▸ **Supplied records**
● ● ● ● ● ● ●
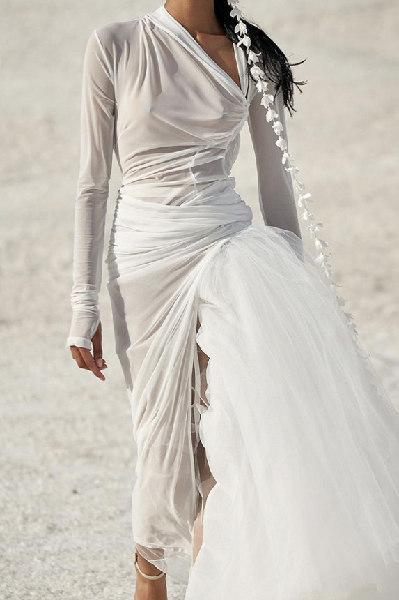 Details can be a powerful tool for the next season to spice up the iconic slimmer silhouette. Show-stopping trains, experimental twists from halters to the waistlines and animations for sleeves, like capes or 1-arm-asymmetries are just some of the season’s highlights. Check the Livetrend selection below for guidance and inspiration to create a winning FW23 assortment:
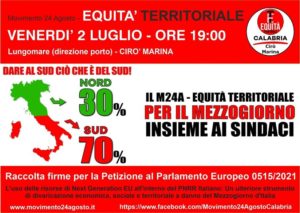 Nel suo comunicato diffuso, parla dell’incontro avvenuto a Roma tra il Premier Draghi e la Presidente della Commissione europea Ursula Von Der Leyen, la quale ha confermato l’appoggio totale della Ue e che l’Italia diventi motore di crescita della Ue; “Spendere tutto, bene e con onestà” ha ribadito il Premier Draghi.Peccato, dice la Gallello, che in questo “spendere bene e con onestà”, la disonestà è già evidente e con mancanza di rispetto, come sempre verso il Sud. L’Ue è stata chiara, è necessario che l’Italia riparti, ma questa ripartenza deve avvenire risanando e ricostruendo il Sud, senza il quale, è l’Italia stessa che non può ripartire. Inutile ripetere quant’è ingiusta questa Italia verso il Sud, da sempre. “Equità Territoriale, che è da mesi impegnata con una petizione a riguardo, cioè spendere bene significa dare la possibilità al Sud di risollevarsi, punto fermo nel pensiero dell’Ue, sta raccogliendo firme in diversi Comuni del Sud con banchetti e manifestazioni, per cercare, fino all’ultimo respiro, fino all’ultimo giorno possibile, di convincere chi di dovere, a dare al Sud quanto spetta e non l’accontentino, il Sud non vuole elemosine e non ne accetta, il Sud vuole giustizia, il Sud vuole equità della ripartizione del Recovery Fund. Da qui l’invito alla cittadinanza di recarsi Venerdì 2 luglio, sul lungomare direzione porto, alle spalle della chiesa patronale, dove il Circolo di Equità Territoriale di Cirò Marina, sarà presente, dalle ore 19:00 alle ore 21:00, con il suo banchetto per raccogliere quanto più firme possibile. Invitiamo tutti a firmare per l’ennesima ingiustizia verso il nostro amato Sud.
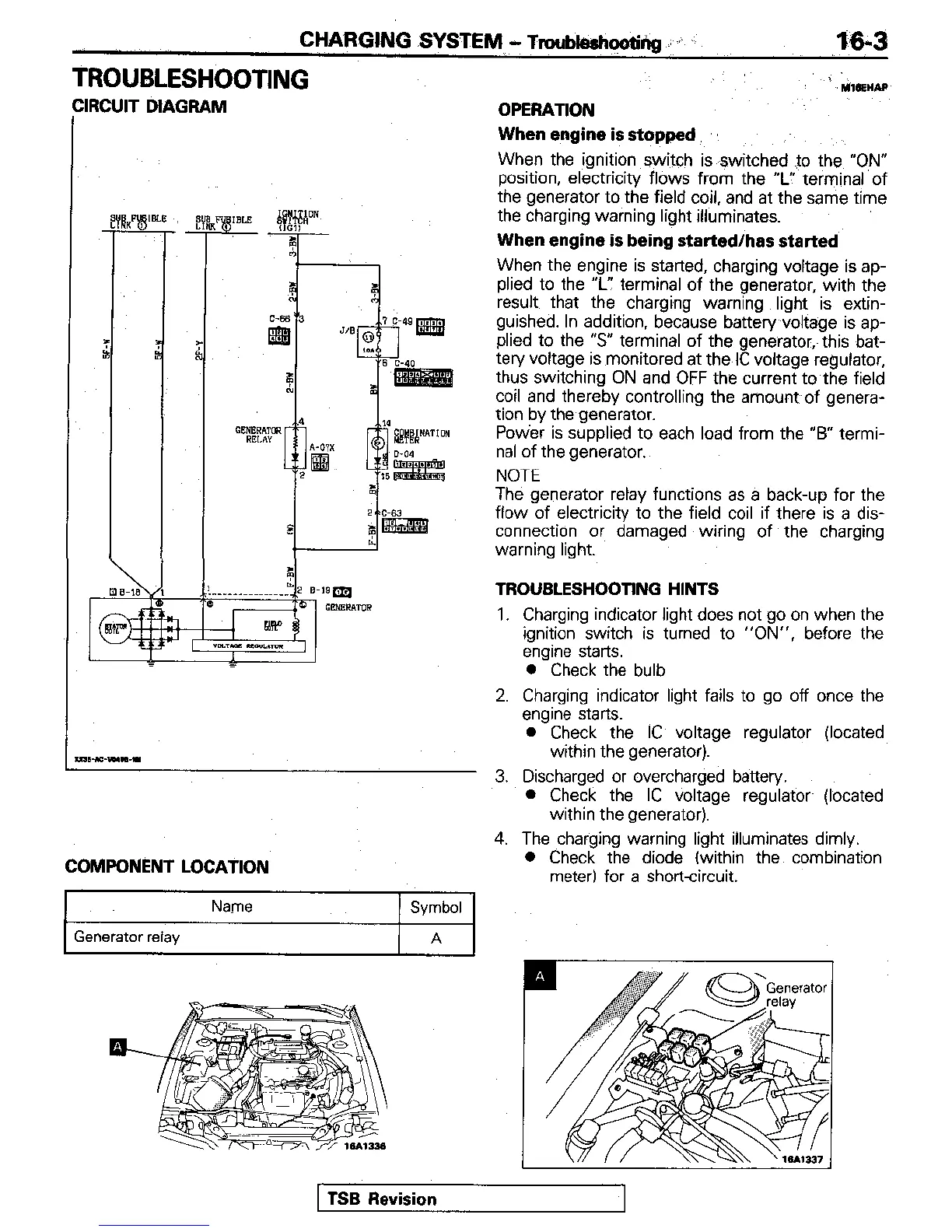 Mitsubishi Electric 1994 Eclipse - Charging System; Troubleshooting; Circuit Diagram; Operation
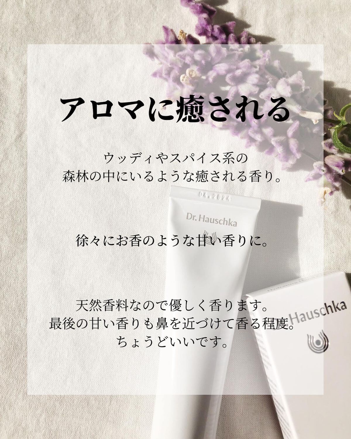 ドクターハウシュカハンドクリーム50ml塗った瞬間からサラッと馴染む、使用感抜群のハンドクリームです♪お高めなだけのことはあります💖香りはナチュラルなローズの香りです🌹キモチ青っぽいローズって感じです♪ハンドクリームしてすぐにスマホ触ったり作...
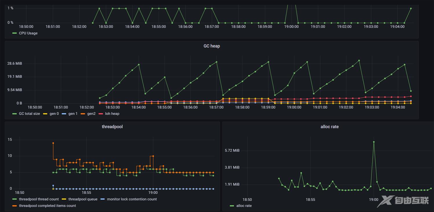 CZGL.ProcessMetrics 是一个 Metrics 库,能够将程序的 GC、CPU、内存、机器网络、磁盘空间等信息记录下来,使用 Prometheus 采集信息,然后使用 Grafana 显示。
● ● ● ● ● ● ●
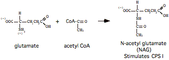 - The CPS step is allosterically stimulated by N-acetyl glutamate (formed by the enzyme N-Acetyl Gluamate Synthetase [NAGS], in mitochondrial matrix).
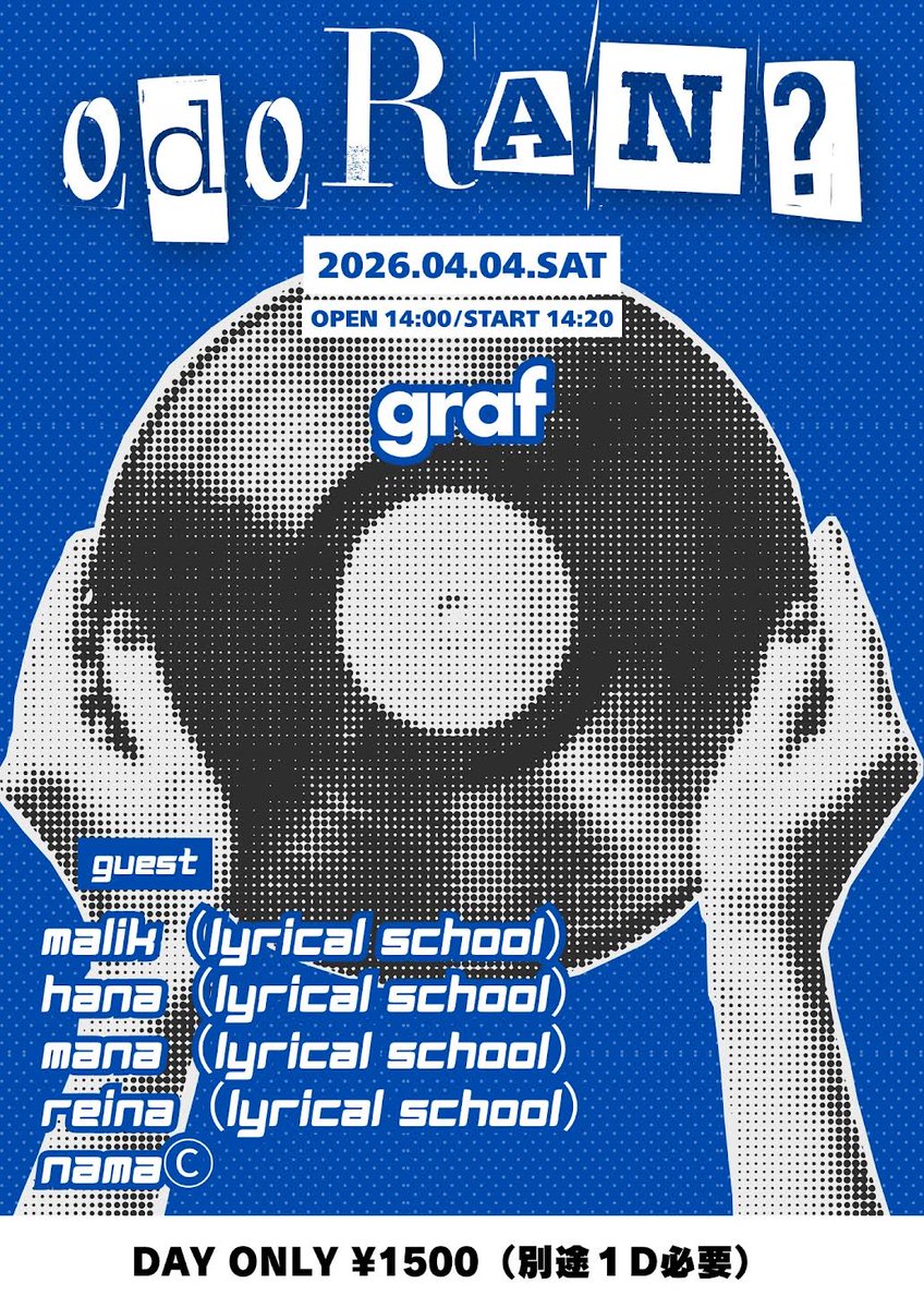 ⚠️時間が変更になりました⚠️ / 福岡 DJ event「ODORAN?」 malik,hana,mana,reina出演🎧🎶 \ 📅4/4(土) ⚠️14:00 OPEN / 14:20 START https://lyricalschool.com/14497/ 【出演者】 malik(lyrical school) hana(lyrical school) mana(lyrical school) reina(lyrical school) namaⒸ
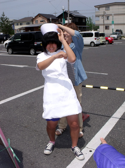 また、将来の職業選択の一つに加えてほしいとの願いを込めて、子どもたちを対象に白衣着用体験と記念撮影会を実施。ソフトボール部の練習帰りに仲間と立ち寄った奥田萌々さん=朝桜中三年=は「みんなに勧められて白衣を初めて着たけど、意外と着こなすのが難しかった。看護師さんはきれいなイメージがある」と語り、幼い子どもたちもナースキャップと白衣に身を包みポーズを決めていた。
● ● ● ● ● ● ●
▸ **Work task**
Find the line with "ドクターハウシュカハンドクリ" in the entries above. Set down exactly every line from it up to and including the line with "CZGL.ProcessMetrics 是一个 Metrics", images excluded.

▸ **Task answer**
 ドクターハウシュカハンドクリーム50ml塗った瞬間からサラッと馴染む、使用感抜群のハンドクリームです♪お高めなだけのことはあります💖香りはナチュラルなローズの香りです🌹キモチ青っぽいローズって感じです♪ハンドクリームしてすぐにスマホ触ったり作...
 CZGL.ProcessMetrics 是一个 Metrics 库,能够将程序的 GC、CPU、内存、机器网络、磁盘空间等信息记录下来,使用 Prometheus 采集信息,然后使用 Grafana 显示。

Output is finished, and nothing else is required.